Repeat exactly the lines below from the line that contains "MIULEE Linen Pillow" to the last line, inclusive, without the pictures.

== Study material ==
----------
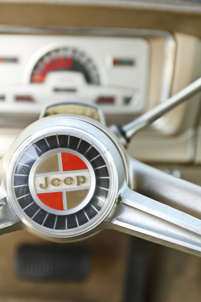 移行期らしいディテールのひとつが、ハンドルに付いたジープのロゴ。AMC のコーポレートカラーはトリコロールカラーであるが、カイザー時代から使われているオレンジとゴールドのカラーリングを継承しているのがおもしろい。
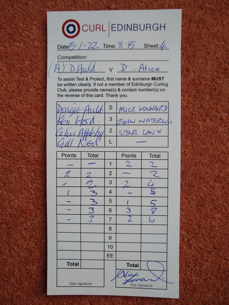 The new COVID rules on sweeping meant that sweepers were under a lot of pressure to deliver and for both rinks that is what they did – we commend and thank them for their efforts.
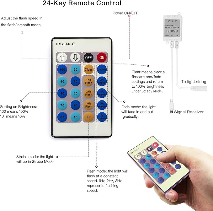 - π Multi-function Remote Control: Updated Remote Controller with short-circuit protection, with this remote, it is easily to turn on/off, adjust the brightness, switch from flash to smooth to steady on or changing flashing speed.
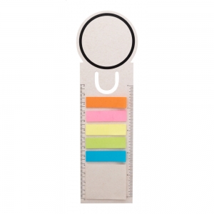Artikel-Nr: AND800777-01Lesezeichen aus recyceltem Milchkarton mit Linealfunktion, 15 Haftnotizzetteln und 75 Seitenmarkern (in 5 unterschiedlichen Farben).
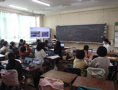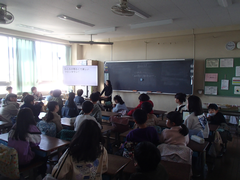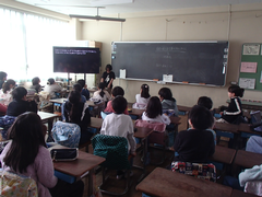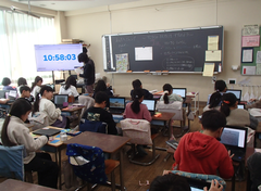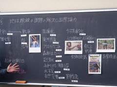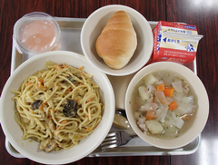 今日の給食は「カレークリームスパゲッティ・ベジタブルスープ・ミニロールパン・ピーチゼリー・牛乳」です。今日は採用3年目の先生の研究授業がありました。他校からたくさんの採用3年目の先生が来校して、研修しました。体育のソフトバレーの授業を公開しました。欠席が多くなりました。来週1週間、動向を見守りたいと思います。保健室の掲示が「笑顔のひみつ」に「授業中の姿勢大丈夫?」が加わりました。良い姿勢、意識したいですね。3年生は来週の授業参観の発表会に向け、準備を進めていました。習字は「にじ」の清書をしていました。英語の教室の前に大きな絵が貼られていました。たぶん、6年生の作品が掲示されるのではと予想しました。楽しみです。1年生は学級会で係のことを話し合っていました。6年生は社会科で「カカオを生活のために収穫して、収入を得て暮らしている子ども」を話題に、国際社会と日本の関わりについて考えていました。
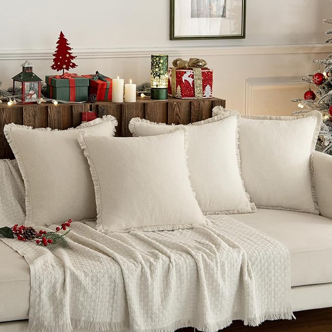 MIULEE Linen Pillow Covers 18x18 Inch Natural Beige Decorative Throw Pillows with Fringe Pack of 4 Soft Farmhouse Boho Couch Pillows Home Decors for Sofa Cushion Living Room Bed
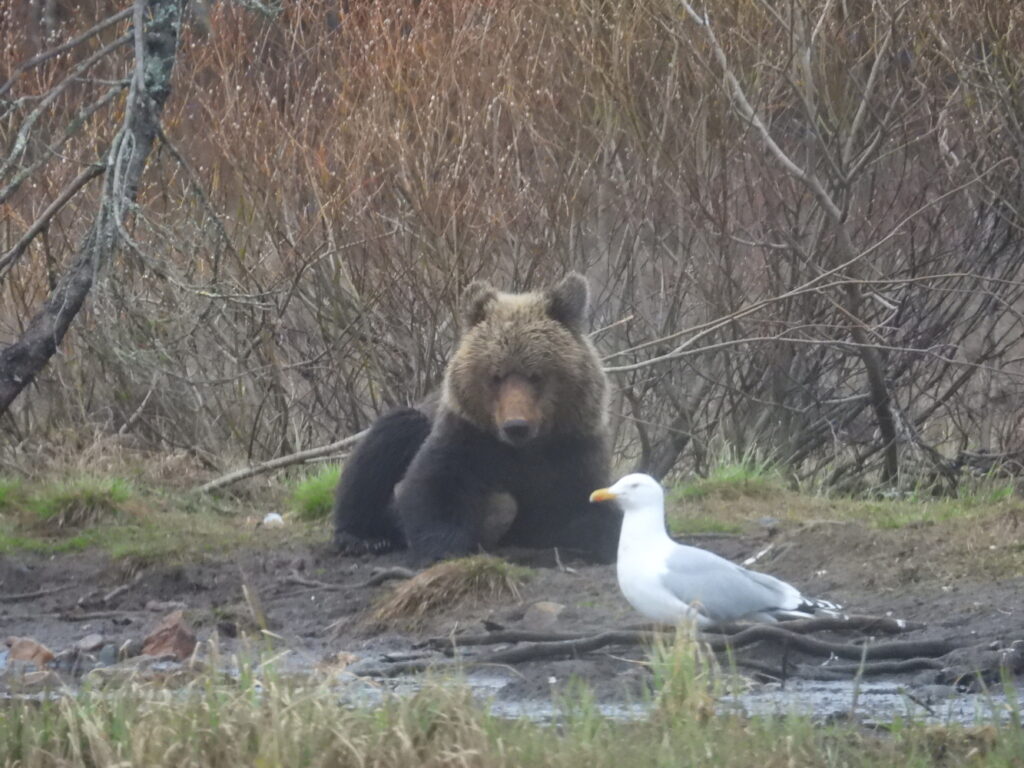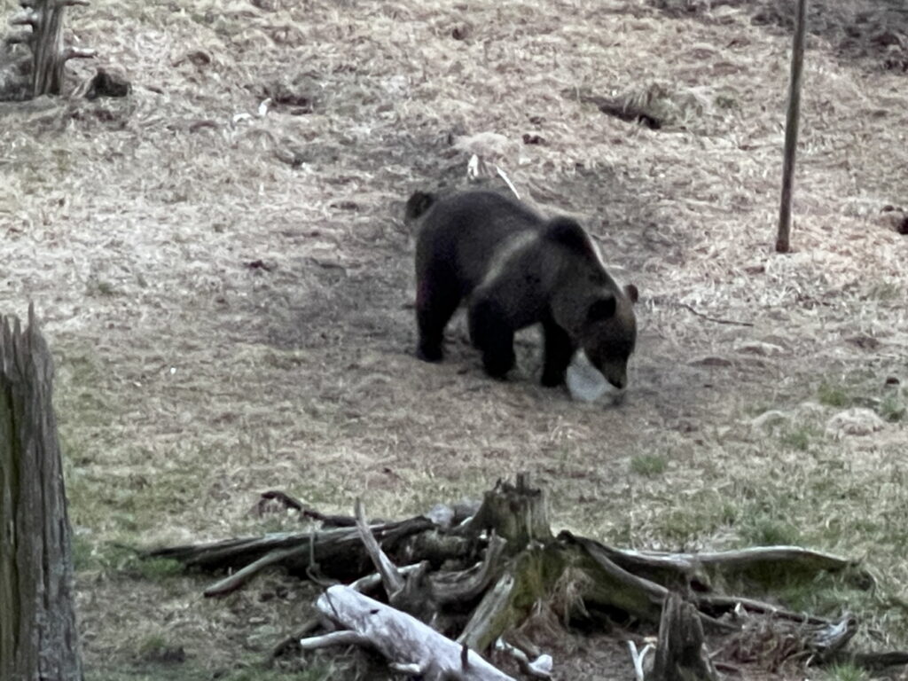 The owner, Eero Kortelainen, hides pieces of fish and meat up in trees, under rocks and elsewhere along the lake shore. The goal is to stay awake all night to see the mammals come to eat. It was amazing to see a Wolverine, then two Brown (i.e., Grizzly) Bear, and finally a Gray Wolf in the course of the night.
----------
== Task output ==
 MIULEE Linen Pillow Covers 18x18 Inch Natural Beige Decorative Throw Pillows with Fringe Pack of 4 Soft Farmhouse Boho Couch Pillows Home Decors for Sofa Cushion Living Room Bed
 The owner, Eero Kortelainen, hides pieces of fish and meat up in trees, under rocks and elsewhere along the lake shore. The goal is to stay awake all night to see the mammals come to eat. It was amazing to see a Wolverine, then two Brown (i.e., Grizzly) Bear, and finally a Gray Wolf in the course of the night.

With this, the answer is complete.